An exact copy is required of the lines running from the one that contains "Creamy burrata cheese" to the end of the material, both ends included, with pictures omitted.
* * * * * * * * *
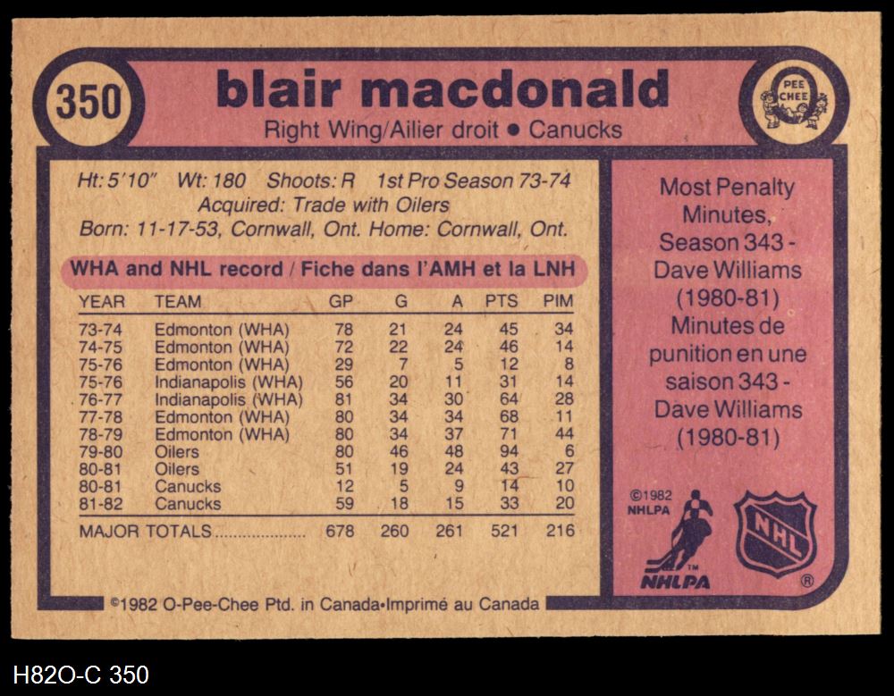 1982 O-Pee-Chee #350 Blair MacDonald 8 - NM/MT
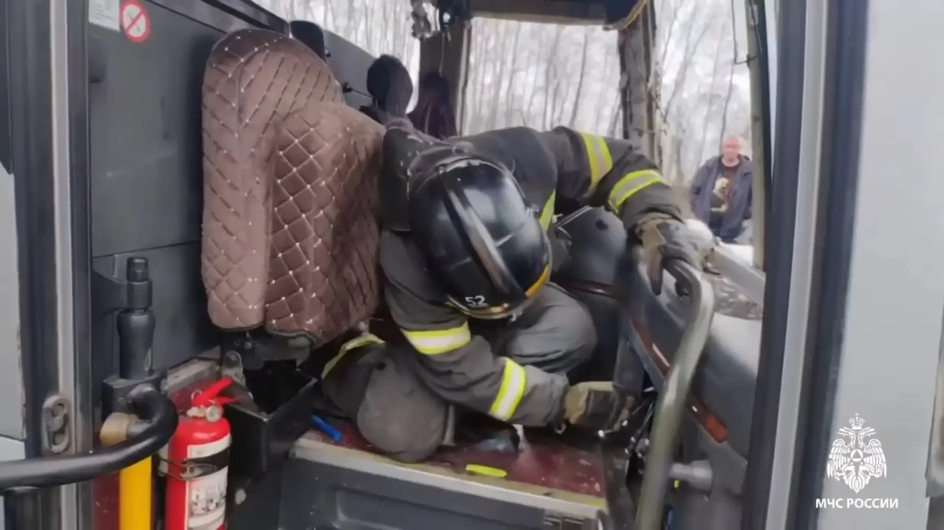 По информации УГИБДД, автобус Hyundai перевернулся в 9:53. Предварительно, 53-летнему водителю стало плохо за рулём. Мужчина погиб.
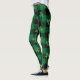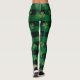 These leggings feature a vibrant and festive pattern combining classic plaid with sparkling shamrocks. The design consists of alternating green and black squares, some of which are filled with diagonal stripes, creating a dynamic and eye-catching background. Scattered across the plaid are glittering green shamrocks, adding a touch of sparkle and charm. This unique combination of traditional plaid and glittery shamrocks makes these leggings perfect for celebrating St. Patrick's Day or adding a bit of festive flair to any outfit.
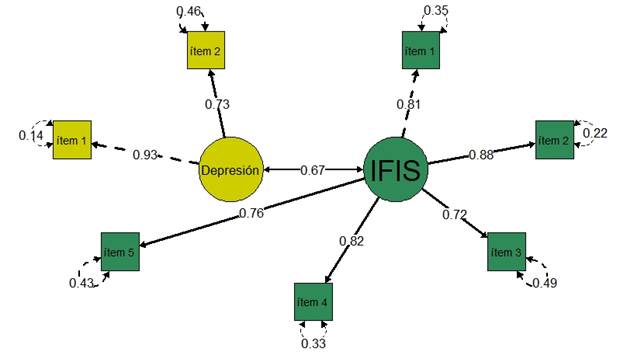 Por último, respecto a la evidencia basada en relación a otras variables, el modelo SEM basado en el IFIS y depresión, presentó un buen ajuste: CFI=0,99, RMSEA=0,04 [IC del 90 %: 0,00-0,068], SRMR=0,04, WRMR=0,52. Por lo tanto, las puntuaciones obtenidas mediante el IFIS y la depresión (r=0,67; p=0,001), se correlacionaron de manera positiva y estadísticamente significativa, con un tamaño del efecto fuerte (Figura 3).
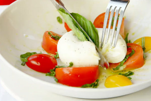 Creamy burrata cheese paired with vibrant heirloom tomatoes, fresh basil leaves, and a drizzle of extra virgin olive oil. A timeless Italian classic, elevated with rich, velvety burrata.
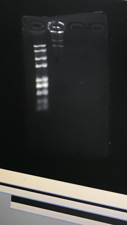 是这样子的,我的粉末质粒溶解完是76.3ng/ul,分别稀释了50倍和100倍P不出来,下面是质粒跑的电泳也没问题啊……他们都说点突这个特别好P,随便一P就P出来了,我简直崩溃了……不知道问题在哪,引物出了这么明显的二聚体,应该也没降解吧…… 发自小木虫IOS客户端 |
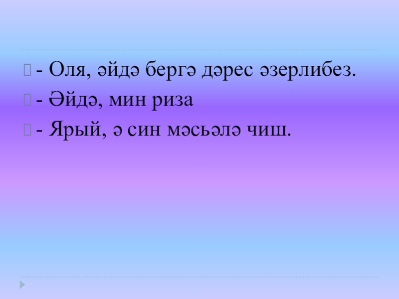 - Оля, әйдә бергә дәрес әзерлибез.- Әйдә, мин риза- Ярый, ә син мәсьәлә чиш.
* * * * * * * * *
SOLUTION FOR THIS EXERCISE:
 Creamy burrata cheese paired with vibrant heirloom tomatoes, fresh basil leaves, and a drizzle of extra virgin olive oil. A timeless Italian classic, elevated with rich, velvety burrata.
 是这样子的,我的粉末质粒溶解完是76.3ng/ul,分别稀释了50倍和100倍P不出来,下面是质粒跑的电泳也没问题啊……他们都说点突这个特别好P,随便一P就P出来了,我简直崩溃了……不知道问题在哪,引物出了这么明显的二聚体,应该也没降解吧…… 发自小木虫IOS客户端 |
 - Оля, әйдә бергә дәрес әзерлибез.- Әйдә, мин риза- Ярый, ә син мәсьәлә чиш.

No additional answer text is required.